Captain Sam Templeton of 39th Infantry Battalion was the first Australian officer to be captured by the Japanese in the 1942 Kokoda Campaign of World War II. After being interrogated by his captors he was executed on the battlefield. Prior to facing his enemy, Templeton had predicted his fate, telling one of his platoon commanders, that if ‘he went into action, he wouldn’t come back’. Having resigned himself to his destiny, Templeton misled his captors on the numerical strength of the Australian forces waiting in Kokoda and Port Moresby.
Did the misinformation given by a militia officer slow the initial push by the Yokoyama Advance Force into the Owen Stanley Range, allowing the Australian Imperial Force to join the fight earlier? Did Templeton create doubt in the mind of the commander of the South Seas Force, influencing an operational change for the attack on Port Moresby? A quiet and often aloof character originally from Belfast, Captain Sam Templeton is mentioned in just about every book written about Kokoda. Prior to fighting in New Guinea, Templeton is reputed to have helped quash the Irish rebellion, served in submarines with the Royal Navy during the First World War and to have fought with the International Brigade during the Spanish Civil War.
David Howell is a Melbourne-based writer, tour guide, historian specialising in the South West Pacific Area of Operations during the Second World War and author of the recent Kokoda Legend: Captain Sam Templeton (Big Sky Publishing, 2024). He has extensive experience as a guide at the Friends of Kokoda at the Kokoda Track Memorial Walkway in Concord and the Shrine of Remembrance in Melbourne, educating visitors about the significance of the Kokoda Campaign.
David created and was the editor of the shrine’s history magazine – Remembrance – at the Shrine of Remembrance in Melbourne, and also created and ran the Friends of the Shrine program. In 2015 he returned full-time to Kokoda Historical.

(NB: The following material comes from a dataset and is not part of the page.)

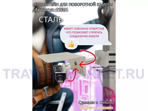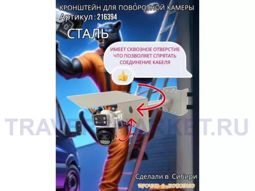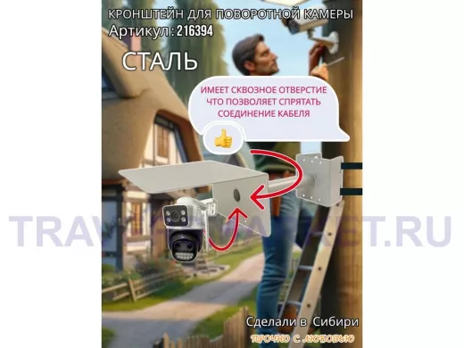 - Стальной кронштейн позволяет вынести камеру от столба на 25 см.
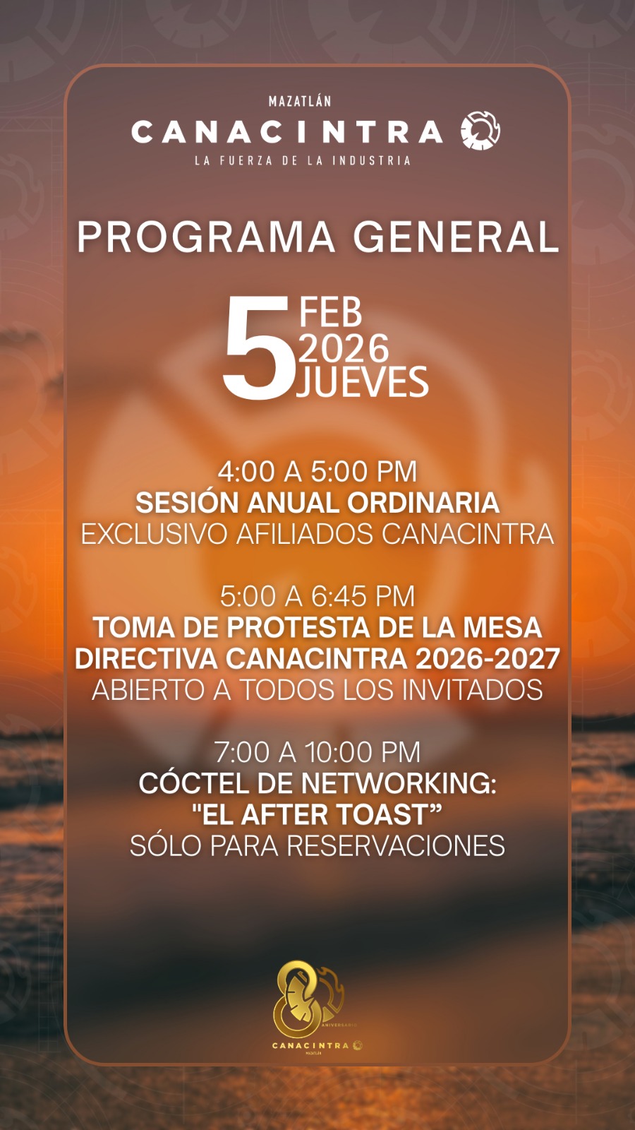 JUEVES 5 DE FEBRERO DE 2026 | SHEKINAH BEACH CLUB, MAZATLÁN CÓDIGO DE VESTIMENTA: FORMAL DE PLAYA Damas: Considerar calzado de jardín Caballeros: Considerar Guayabera EVENTOS: 🔹 1. SESIÓN ANUAL ORDINARIA (4:00–5:00 PM) Exclusiva para afiliados CANACINTRA Primera convocatoria: 4:00 PM Segunda convocatoria: 4:30 PM …

David also served for fifteen years as an infantry soldier in the Australian Army Reserve. In 2008 he deployed on peacekeeping operations in the Solomon Islands. David is well published on Australian military history and a regular guest on many radio and television history programs including the award winning SBS series Who Do You Think You Are. David is a life member of the 39th Battalion Association and is married with two children and resides on the Mornington Peninsula, Victoria.